Reduction of Regression Prediction Error by Incorporating Var Interactions and Factorization

In this post, we work with dataset mtcars in R. The dataset has 32 observations and 11 variables. Various regression models were tried on the model. Each one of these models was optimized in regards to AIC, using stepwise regression. The prediction error was computed using leave-one-out cross validation.

The smallest prediction error and also the smallest regression standard error was achieved, when we incorporated as much knowledge as possible about our independent variables. Specifically, looking at the correlation matrix of the data one can see that some of the variables are correlated and to account for that an interaction term was included in the model. In addition, some of the variables were of discrete nature taking only a few unique values. Knowledge about this was incorporated in the regression, by entering these variables as factors in the model. The complete code for the development and testing of the models is in the link below.

Regression Code Link

Below is a version that takes into account that some categorical variables are ordered. However, the prediction and standard regression errors remain the same as above:

Regression Code Link

Leave-one-out cross validation in R and computation of the predicted residual sum of squares(PRESS) statistic

We will use the gala dataset in the faraway package to demonstrate leave-one-out cross-validation. In this type of validation, one case of the data set is left out and used as the testing set and the remaining data are used as the training set for the regression. This process is repeated until each case in  the data set has served as the testing set.

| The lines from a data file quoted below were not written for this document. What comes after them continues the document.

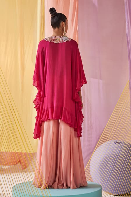 Hot pink kaftan tunic featuring batwing sleeves, ruffled ends, and a hand embroidered neckline adorned with colorful glass beads and rain-drop pearls. Paired with a peach sharara pant with godet kalis detailing.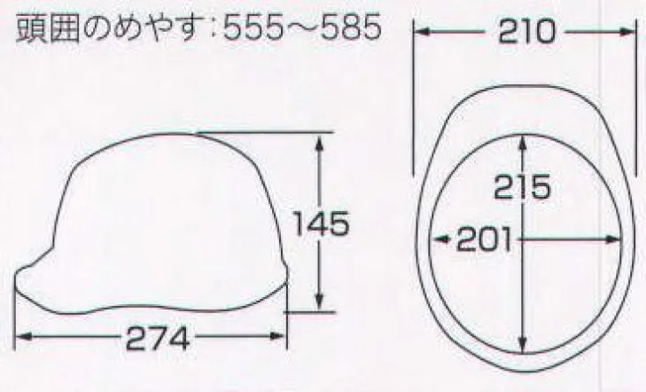 WM-7型ヘルメット(キープパット無し) ワールドマスト ヘルメットWM-7のサイズ表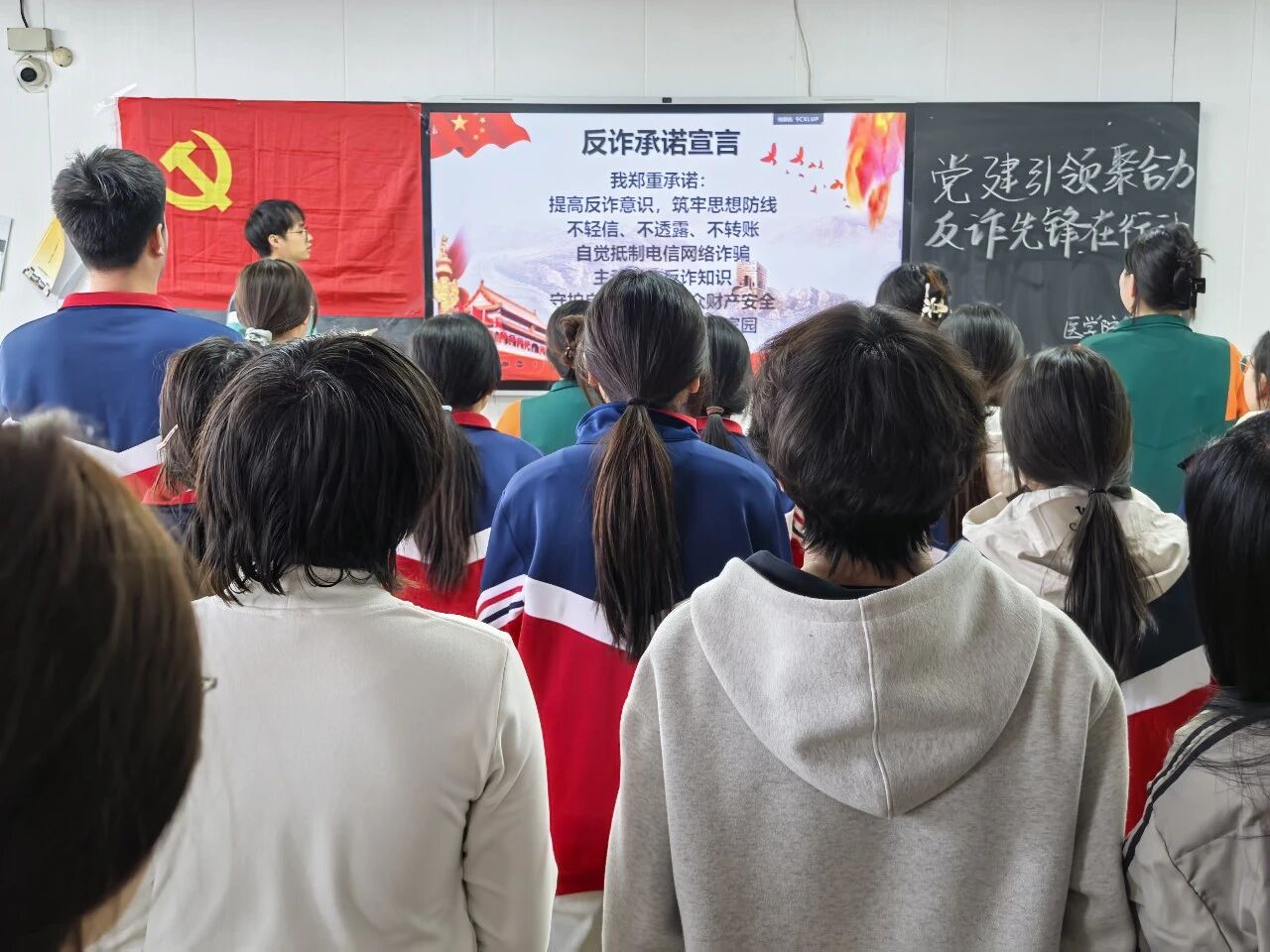 活动最后,支部全体成员面对 鲜红的党旗,举行了庄严的反诈动员宣誓仪式。“我宣誓:我将发挥党员先锋模范作用,带头学习反诈知识,带头宣传防骗技巧,带头抵制诈骗信息,不轻信、不透露、不转账,勇于同一切诈骗违法犯罪行为作斗争,为守护师生财产安全、构建平安和谐校园贡献党员力量!”一句句铿锵有力的誓言,表达了支部党员投身反诈斗争的坚定决心和责任担当。大家一致承诺,要将反诈行动融入日常学习、工作和生活,从自身做起,辐射带动身边同学、群众,共同织密校园反诈“防护网”。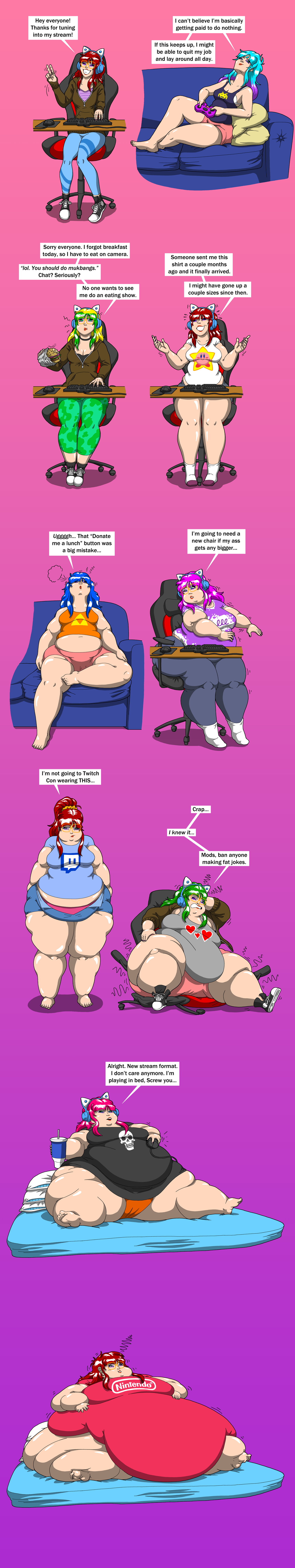 My gf is close to the stereotype as I've actually met, 430lbs+ (the scale maxed out) doesn't leave the house for months at a time, survives primarily on nuggies and milk, plays league of legends /Overwatch and sleeps all day. I've attempted bringing up the idea of gaining more but sadly not much luck, she could be truly massive if she just embraced her greed, but I obviously don't want to ruin a good thing
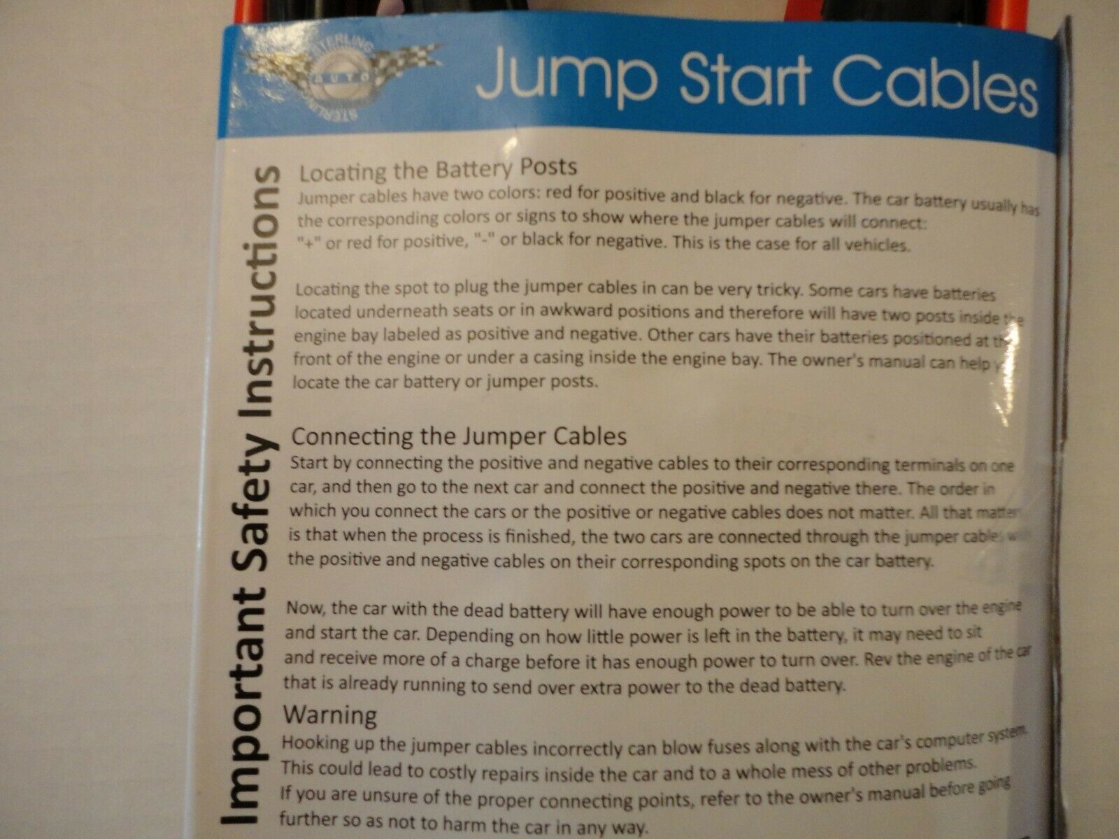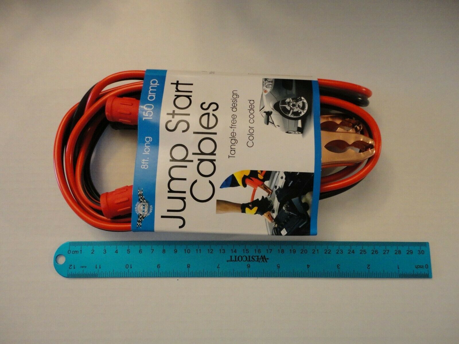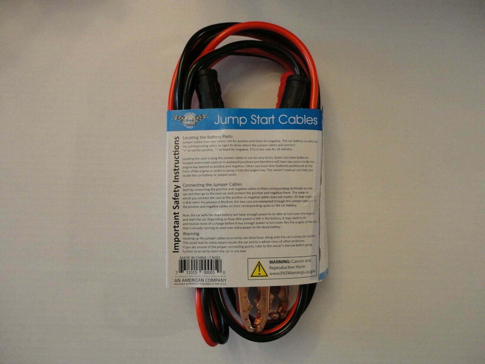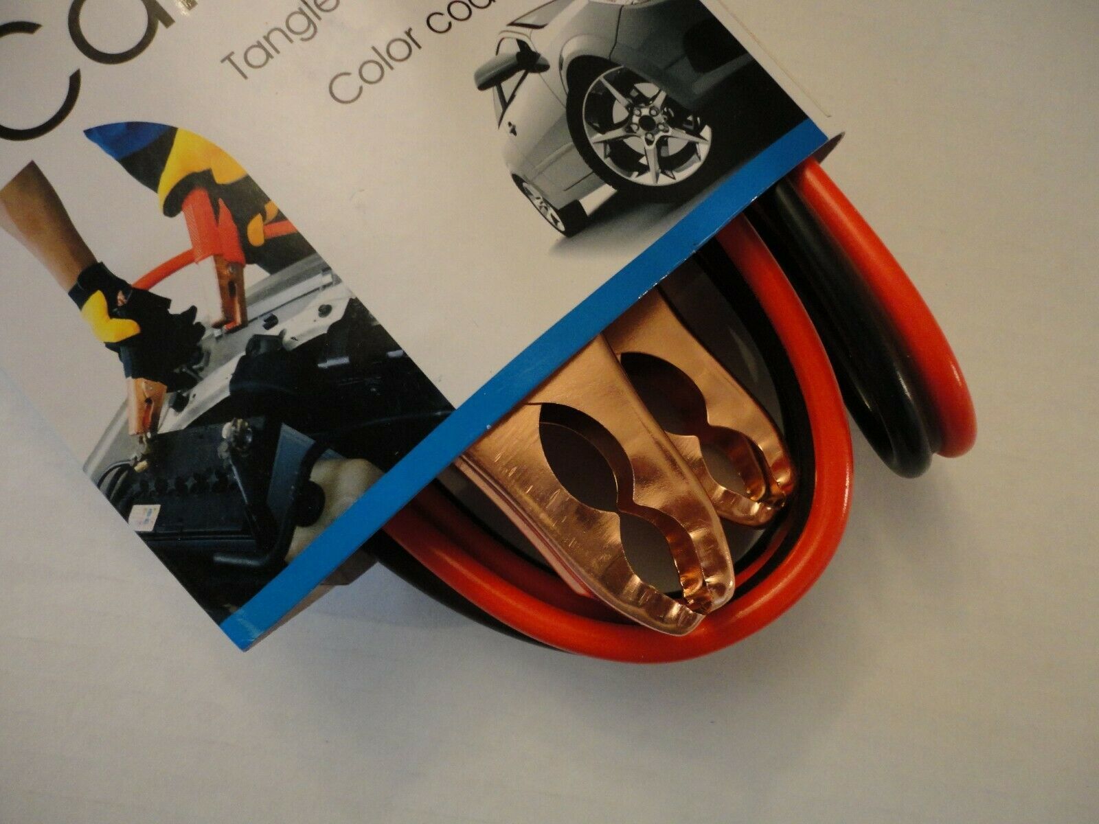 An automobile must-have, these Jump Start Cables feature copper color coded clamps and are designed to not tangle. Includes an illustrated guide and important safety instructions for proper use on the package. Measures approximately 8 feet long.
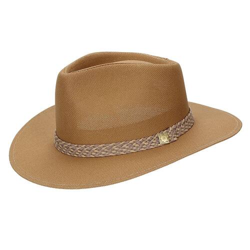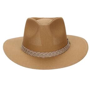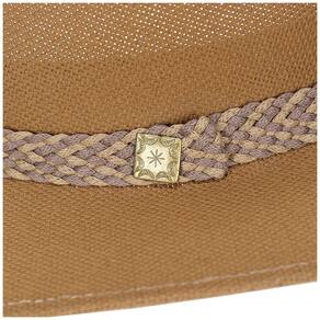 Chapéu Pralana modelo Melbourne, fabricado em tecido 100% algodão cor Marrom, aba de 7,5cm, copa de 11cm, banda em cadarço bicolor trançado, detalhes em boton de metal com banho dourado e carneira de espuma. Fino acabamento.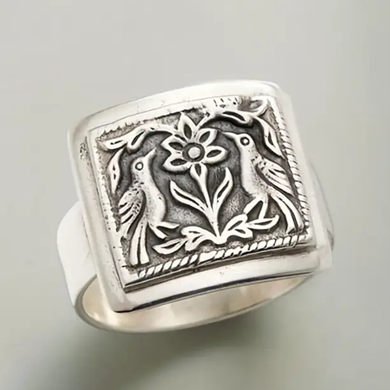 Cross-border temu Popular Bohemian Retro Ladies Hot Selling Bird Flower Fashion K-style Ring Couple Jewelry

The key concept in creating the iterative leave-one-out process in R is creating a column vector c1 and attaching it to gala as shown below, This allows us to uniquely identify the row that is to be left out in each iteration.

> library(faraway)

> gala[1:3,]

          Species Endemics  Area Elevation Nearest Scruz Adjacent

Baltra         58       23 25.09       346     0.6   0.6     1.84

Bartolome      31       21  1.24       109     0.6  26.3   572.33

Caldwell        3        3  0.21       114     2.8  58.7     0.78

>c1<-c(1:30)

> gala2<-cbind(gala,c1)

> gala2[1:3,]

          Species Endemics  Area Elevation Nearest Scruz Adjacent c1

Baltra         58       23      25.09       346     0.6        0.6        1.84       1

Bartolome   31       21     1.24       109       0.6      26.3     572.33      2

> diff1<-numeric(30)

> for(i in 1:30){model1<-lm(Species~Endemics+Area+Elevation,subset=(c1!=i),data=gala2)

+ specpr<-predict(model1,list(Endemics=gala2[i,2],Area=gala2[i,3],Elevation=gala2[i,4]),data=gala2)

+ diff1[i]<-gala2[i,1]-specpr }

 

>summ1<-numeric(1)

>summ1=0

> for(i in 1:30){summ1<-summ1+diff1[i]^2}

> summ1

[1] 259520.5

The variable summ1 holds the value of  the PRESS statistic.